### What is required
Pictures in the data should be dropped; transcribe exactly the lines from the one that has "У програмі була" through the one that has "世界大型企业联合会周一公布的".

Source records below:

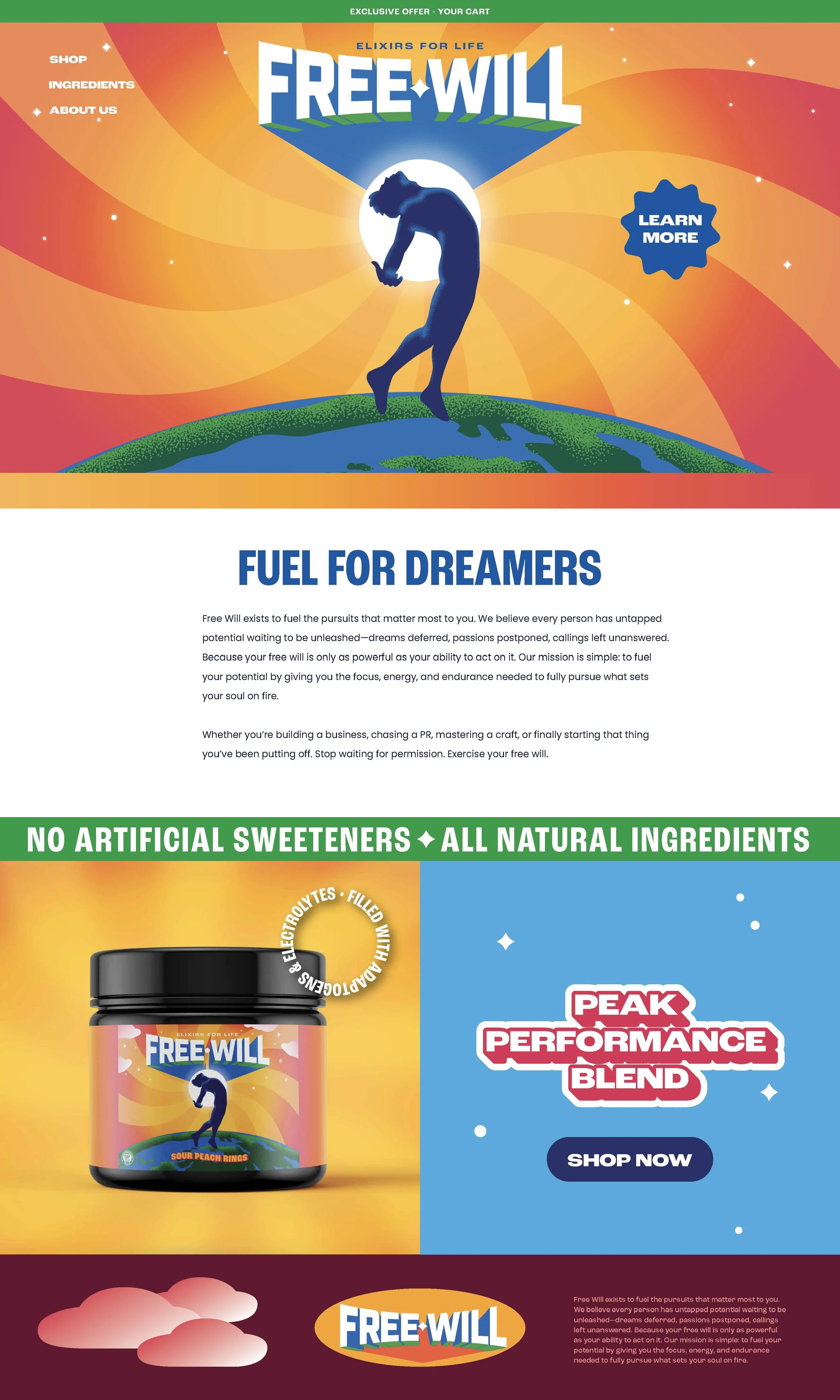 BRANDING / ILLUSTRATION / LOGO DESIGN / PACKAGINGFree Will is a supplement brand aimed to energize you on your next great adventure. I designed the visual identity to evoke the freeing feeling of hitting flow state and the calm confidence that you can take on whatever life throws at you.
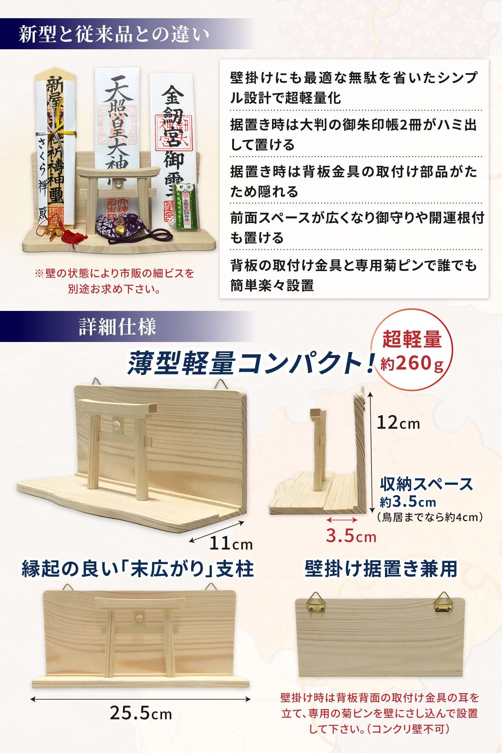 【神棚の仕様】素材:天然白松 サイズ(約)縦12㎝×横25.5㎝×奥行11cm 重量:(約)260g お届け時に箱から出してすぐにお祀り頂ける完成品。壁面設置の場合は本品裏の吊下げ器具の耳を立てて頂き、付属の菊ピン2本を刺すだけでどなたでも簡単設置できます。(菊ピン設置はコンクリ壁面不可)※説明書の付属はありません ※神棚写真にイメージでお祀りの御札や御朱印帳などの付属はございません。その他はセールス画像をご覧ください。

End of Source records.
Source records below:

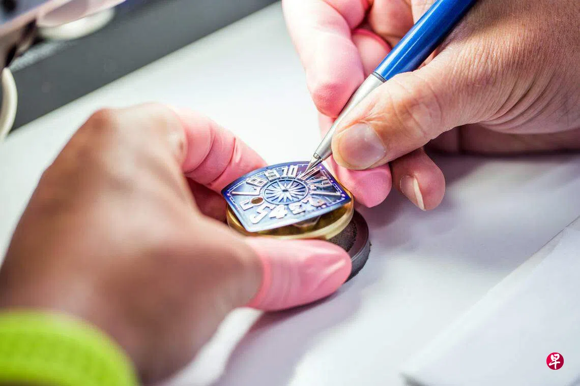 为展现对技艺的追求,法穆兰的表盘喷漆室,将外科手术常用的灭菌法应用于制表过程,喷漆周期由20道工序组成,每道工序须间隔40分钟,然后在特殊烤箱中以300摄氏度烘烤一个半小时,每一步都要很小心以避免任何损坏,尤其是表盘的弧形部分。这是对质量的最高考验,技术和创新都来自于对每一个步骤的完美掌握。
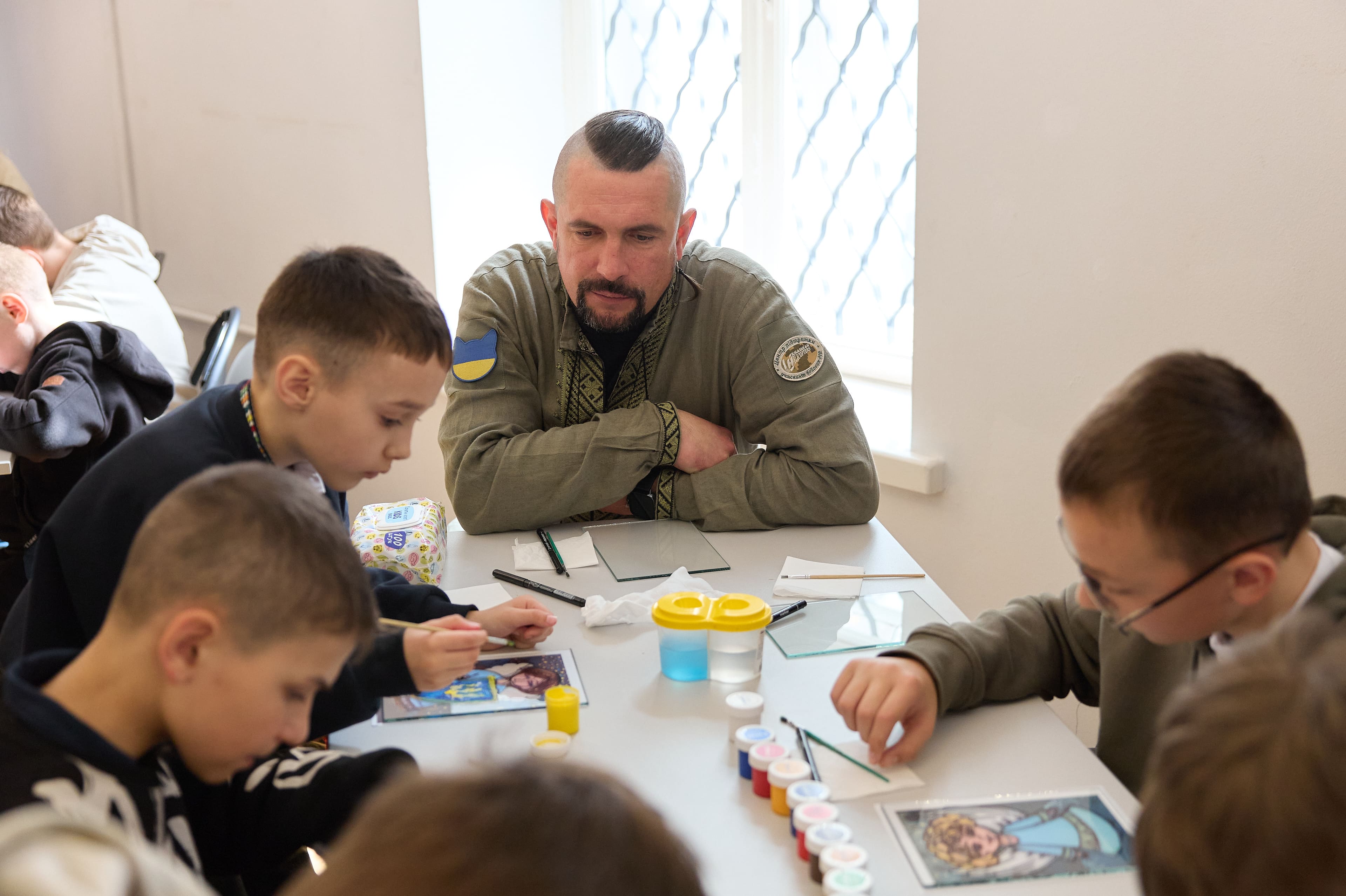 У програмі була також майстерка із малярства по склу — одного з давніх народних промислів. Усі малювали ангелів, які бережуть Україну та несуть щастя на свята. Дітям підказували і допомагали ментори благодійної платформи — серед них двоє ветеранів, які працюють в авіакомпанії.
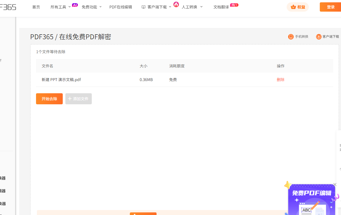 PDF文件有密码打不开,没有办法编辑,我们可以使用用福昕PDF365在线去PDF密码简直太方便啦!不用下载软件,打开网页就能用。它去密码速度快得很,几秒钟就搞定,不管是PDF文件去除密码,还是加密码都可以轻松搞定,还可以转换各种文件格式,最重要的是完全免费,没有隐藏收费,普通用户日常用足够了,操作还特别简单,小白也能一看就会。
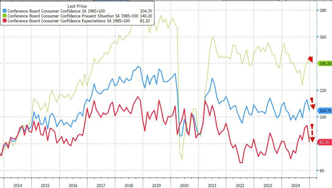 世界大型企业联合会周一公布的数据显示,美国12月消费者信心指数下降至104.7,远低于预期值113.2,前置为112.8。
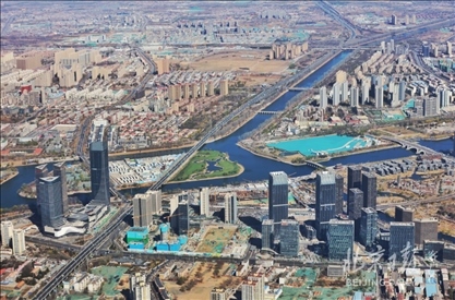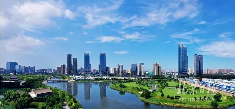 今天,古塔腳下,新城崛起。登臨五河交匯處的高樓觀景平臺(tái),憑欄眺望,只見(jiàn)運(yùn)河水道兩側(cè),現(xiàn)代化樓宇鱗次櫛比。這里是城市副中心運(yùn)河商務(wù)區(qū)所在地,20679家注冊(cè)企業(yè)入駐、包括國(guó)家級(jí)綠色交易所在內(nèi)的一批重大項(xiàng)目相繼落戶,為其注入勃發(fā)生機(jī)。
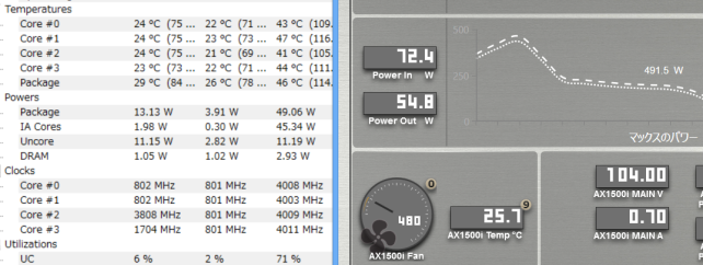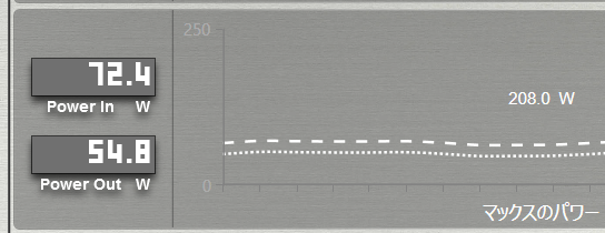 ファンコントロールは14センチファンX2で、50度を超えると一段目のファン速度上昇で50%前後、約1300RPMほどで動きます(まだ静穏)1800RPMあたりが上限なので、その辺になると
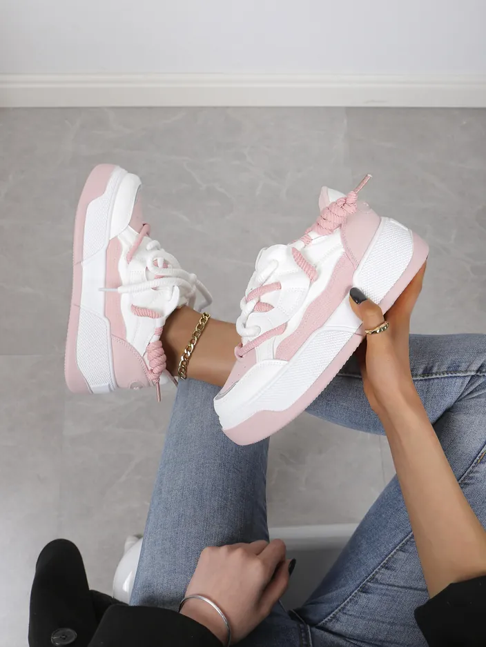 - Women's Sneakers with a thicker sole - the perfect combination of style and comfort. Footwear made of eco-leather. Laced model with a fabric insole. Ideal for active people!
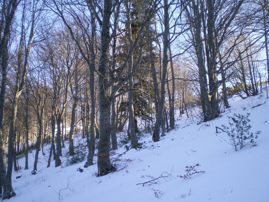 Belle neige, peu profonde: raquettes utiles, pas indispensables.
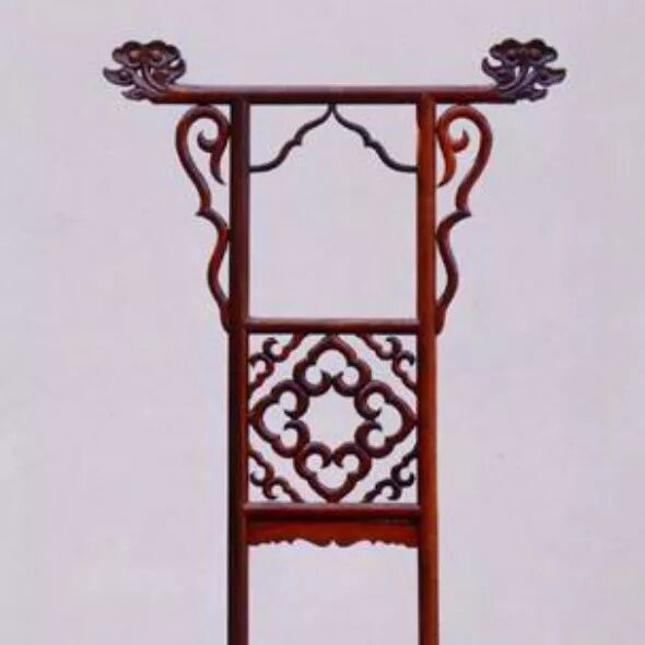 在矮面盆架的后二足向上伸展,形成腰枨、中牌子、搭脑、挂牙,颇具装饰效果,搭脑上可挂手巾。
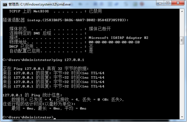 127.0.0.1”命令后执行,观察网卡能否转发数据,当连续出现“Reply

End of Source records.
Source records below:

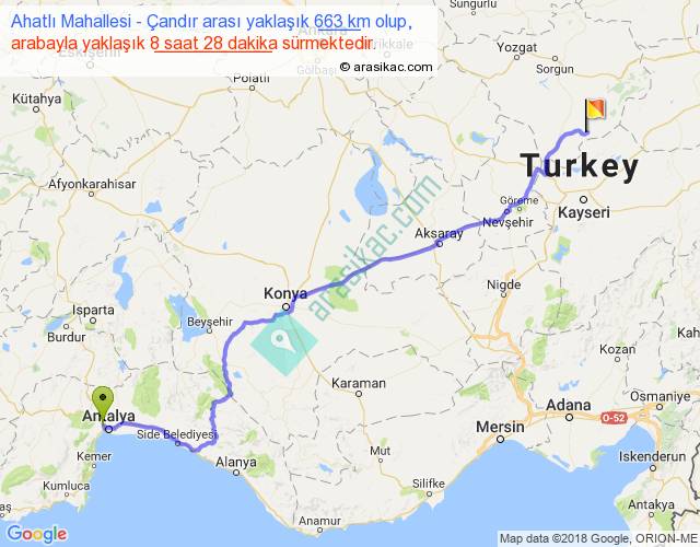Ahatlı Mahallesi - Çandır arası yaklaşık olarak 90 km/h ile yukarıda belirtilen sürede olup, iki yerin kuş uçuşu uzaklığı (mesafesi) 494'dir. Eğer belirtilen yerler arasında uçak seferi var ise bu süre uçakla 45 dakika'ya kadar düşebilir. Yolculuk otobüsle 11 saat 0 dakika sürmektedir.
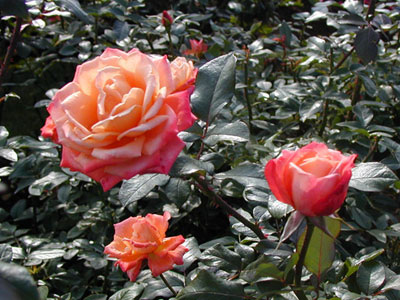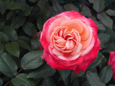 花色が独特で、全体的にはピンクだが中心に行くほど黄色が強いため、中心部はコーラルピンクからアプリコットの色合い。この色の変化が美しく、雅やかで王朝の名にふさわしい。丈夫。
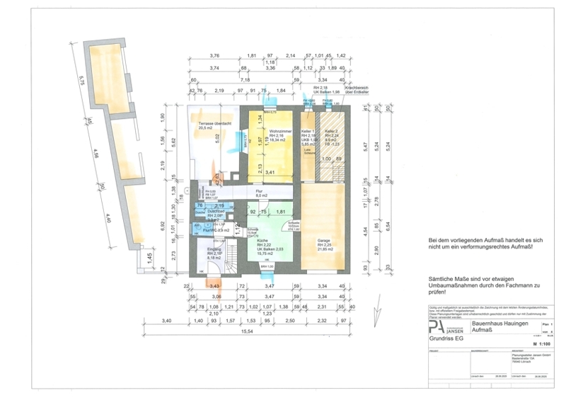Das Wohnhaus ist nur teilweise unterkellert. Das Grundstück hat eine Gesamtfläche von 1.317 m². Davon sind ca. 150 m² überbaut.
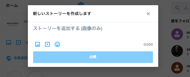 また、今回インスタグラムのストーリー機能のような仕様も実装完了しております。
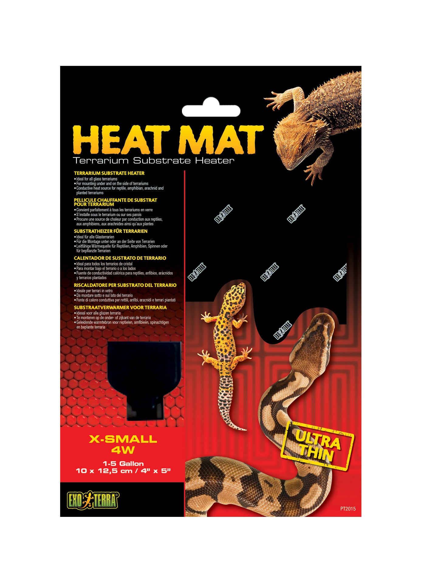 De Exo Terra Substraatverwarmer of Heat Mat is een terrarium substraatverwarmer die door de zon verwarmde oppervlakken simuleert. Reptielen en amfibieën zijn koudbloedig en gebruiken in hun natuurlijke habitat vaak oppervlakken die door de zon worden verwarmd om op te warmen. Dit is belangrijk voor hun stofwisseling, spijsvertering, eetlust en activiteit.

End of Source records.

### Final answer
 У програмі була також майстерка із малярства по склу — одного з давніх народних промислів. Усі малювали ангелів, які бережуть Україну та несуть щастя на свята. Дітям підказували і допомагали ментори благодійної платформи — серед них двоє ветеранів, які працюють в авіакомпанії.
 PDF文件有密码打不开,没有办法编辑,我们可以使用用福昕PDF365在线去PDF密码简直太方便啦!不用下载软件,打开网页就能用。它去密码速度快得很,几秒钟就搞定,不管是PDF文件去除密码,还是加密码都可以轻松搞定,还可以转换各种文件格式,最重要的是完全免费,没有隐藏收费,普通用户日常用足够了,操作还特别简单,小白也能一看就会。
 世界大型企业联合会周一公布的数据显示,美国12月消费者信心指数下降至104.7,远低于预期值113.2,前置为112.8。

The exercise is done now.